>>>
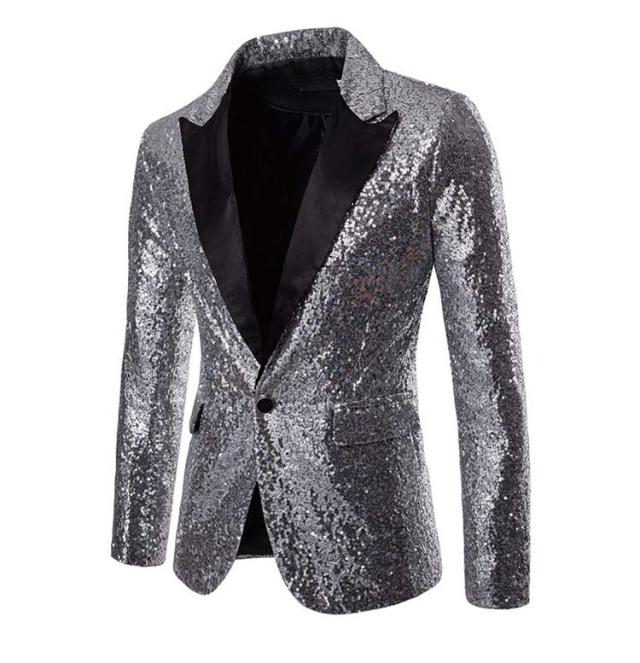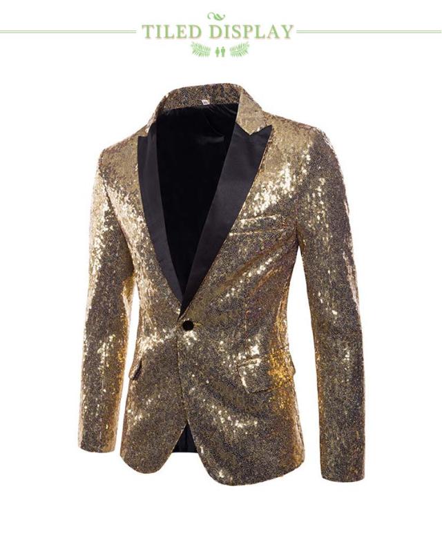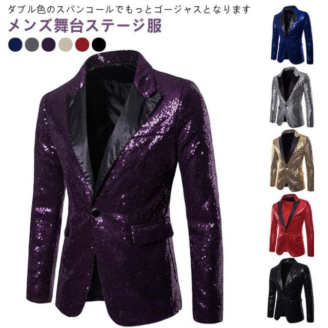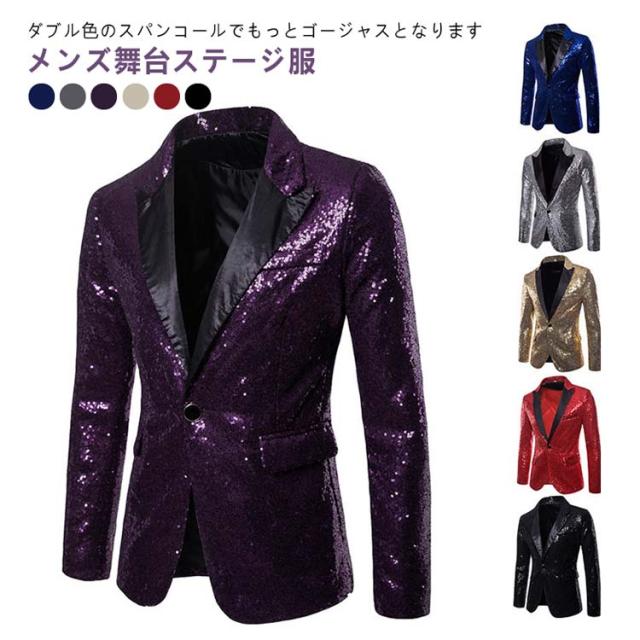 | メンズ舞台ステージ服 ダブル色のスパンコールでもっとゴージャスとなります | |
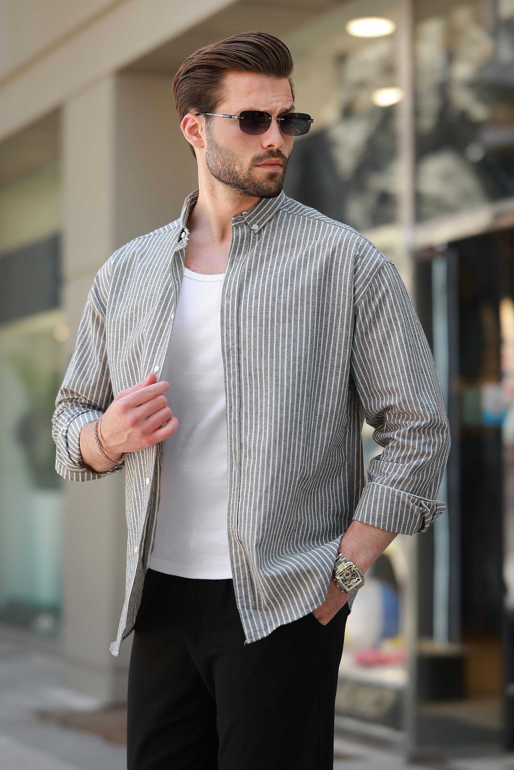 Füme Çizgili Uzun Kollu Pamuklu Erkek Gömlek 6746
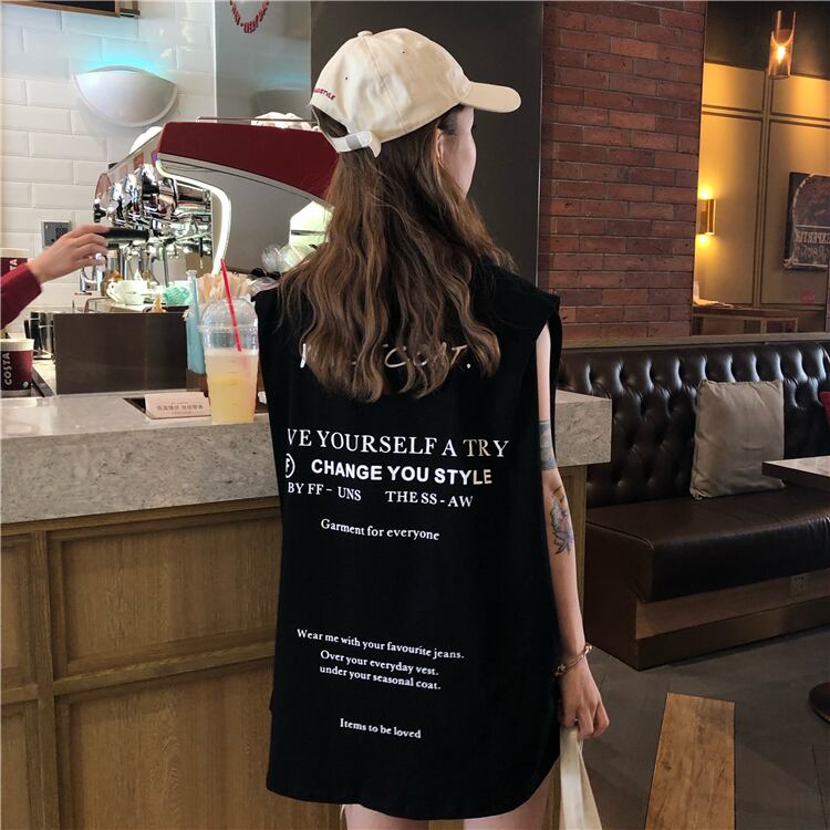 ネット赤外線ウェアルーズノースリーブトップ女性2020年夏の新しいファッションレター印刷BFカジュアルスポーツベスト 1号婦人83102572500
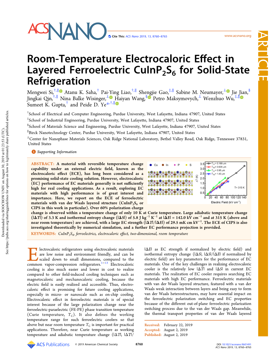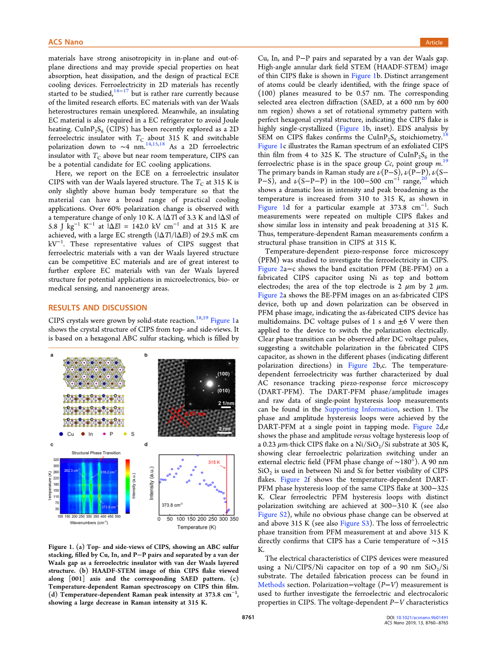 关键词:CuInP2S6,铁电体,电热效应,二维,室温
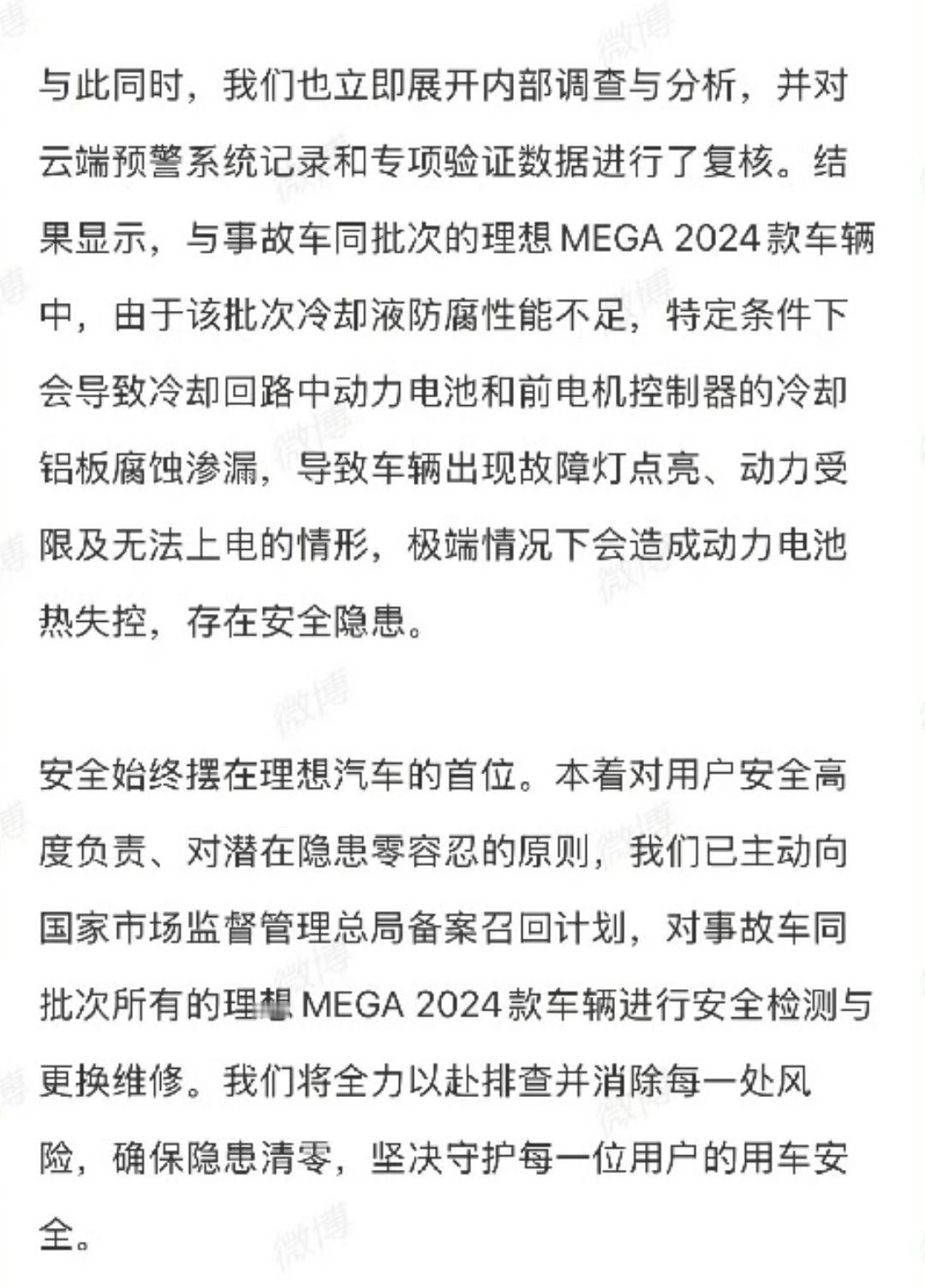 理想汽车最新公告,两个事: ①上海起火的理想MEGA 2024款,具体原因还未有定论。 ②针对生产日期从2024年2月18日至2024年12月27日的2024款理想MEGA 进行召回处理,更换全新动力电池及相关配套设备。 该批次召回车型冷却液防腐性能不足,在特定条件下,可能存在冷却回路中动力电池和前电机控制器的冷却铝板腐蚀渗透。导致车辆故障灯点亮、动力受限及无法上电的情形,极端情况下会造成动力电池热失控,存在安全隐患。【来自懂车帝车友圈】
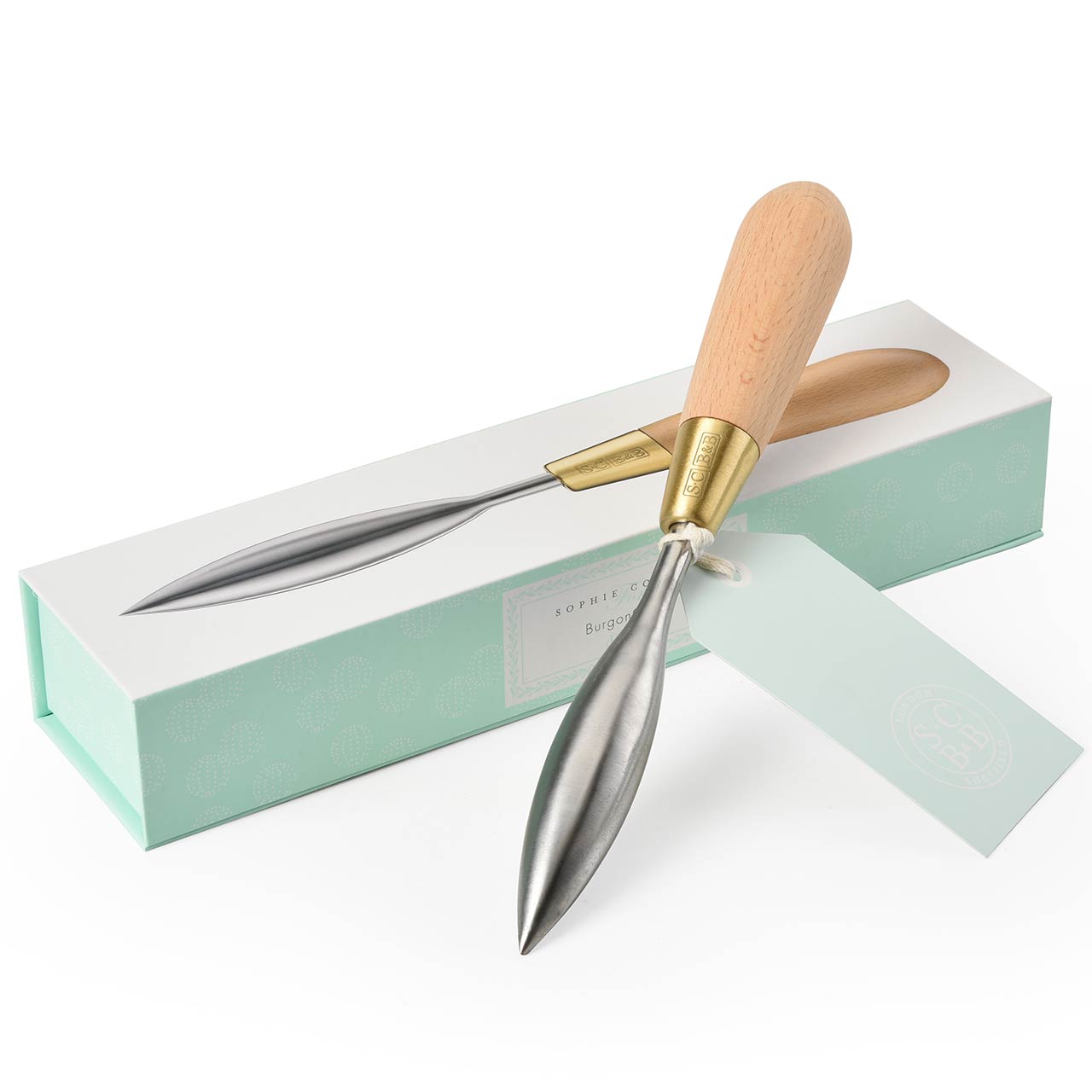 Ein unverzichtbares Werkzeug für das Pflanzen von Samen und Setzlingen, auch in Gras oder härteren Böden. Drücken Sie einfach mit der Spitze ein Loch in den Boden (etwas rotieren für ein größeres Loch), bringen Sie das Pflanzgut ein und bedecken Sie das Loch wieder mit Erde. Der Griff aus gewachstem Buchenholz liegt angenehm in der Hand und erleichtert das Arbeiten. Der Metallkorpus ist für eine maximale Langlebigkeit aus rostfreiem Edelstahl gefertigt.
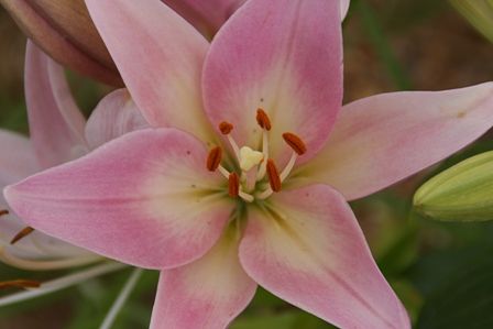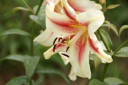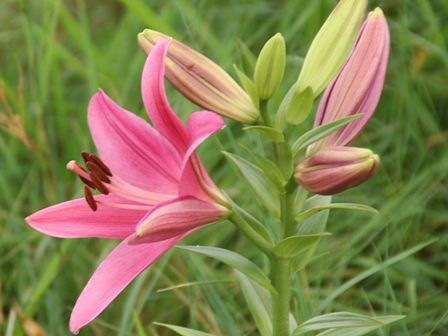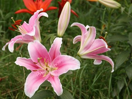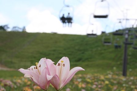 ペアリフトの下にペアの可愛いピンクのユリが咲いています。
<<<
● **YOUR OBJECTIVE**: Exact repeats of the lines from the first one in the data through the line containing "理想汽车最新公告,两个事: ①上海起火的理想MEGA 2024款,具体原因还未有定论。" make up the answer. Pictures do not.

● **RESPONSE**:
 | メンズ舞台ステージ服 ダブル色のスパンコールでもっとゴージャスとなります | |
 Füme Çizgili Uzun Kollu Pamuklu Erkek Gömlek 6746
 ネット赤外線ウェアルーズノースリーブトップ女性2020年夏の新しいファッションレター印刷BFカジュアルスポーツベスト 1号婦人83102572500
 关键词:CuInP2S6,铁电体,电热效应,二维,室温
 理想汽车最新公告,两个事: ①上海起火的理想MEGA 2024款,具体原因还未有定论。 ②针对生产日期从2024年2月18日至2024年12月27日的2024款理想MEGA 进行召回处理,更换全新动力电池及相关配套设备。 该批次召回车型冷却液防腐性能不足,在特定条件下,可能存在冷却回路中动力电池和前电机控制器的冷却铝板腐蚀渗透。导致车辆故障灯点亮、动力受限及无法上电的情形,极端情况下会造成动力电池热失控,存在安全隐患。【来自懂车帝车友圈】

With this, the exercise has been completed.